My favourite lunches were the ones made of leftovers. If there had been a party on the weekend, us kids would get the goods: perhaps a slice of birthday cake, a roasted chicken leg wrapped in tin foil, a hunk of shallot-filled quiche Lorraine.

Nowadays, it's often tough to organise myself a good workday lunch. I do like the convenience of little tuna and salmon tins, although you need a TicTac afterwards to avoid tuna breath. Salads don't always keep. Leftover curries and takeaway and such can be heavy, messy, and the smell can annoy your co-workers.
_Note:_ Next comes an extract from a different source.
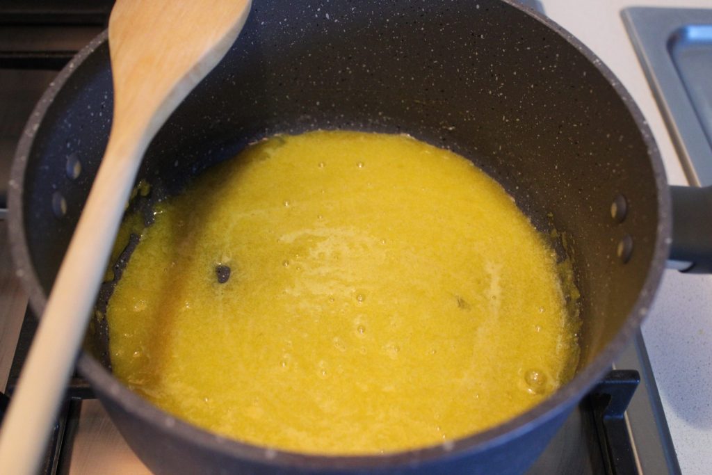 Em outra panela, aqueça o leite e quando ferver, desligue o fogo e adicione-o aos poucos à panela que agora será colocada no fogo baixo. Eu adicionei então um sachê de vanilina e continuei a mexer o creme com o batedor até que ficasse bem misturado e espesso. Isso levará cerca de 7/8 minutos.

What do people in other countries take for lunch? The French have their hot-meal cantines for the kids. Some French and British agricultural workers still take the old ploughman's lunch (a good standby for anyone, including us.) Indians have tiffins of home-cooked meat, vegetables and rice that gets ferried to the worker, after being prepared in the morning (and Melbourne residents can try this out for themselves.)A lot of people in the world get to go home for lunch, although that only really works if there's someone already at home making something yummy. The Japanese have bento for their city workers, and often, Japanese parents prepare their own bento for kids heading to school.
A Chinese lady I knew used to make her children and herself a lunch ball: a big tennis ball of glutinous rice, with a filling of pork floss mixed with vegetables and sauce. The whole thing was twisted up in plastic wrap, and had the added benefit of being able to be chucked straight into a schoolbag, exist indefinitely without refrigeration and survive being squashed, poked or sat on. One day she brought me a lunch ball of my own, after enduring my many questions. It was delicious.
Imagine if Aussie parents put the same amount of effort into preparing their child a healthy, interesting and delicious lunch? Although I know many do, it's not often evident.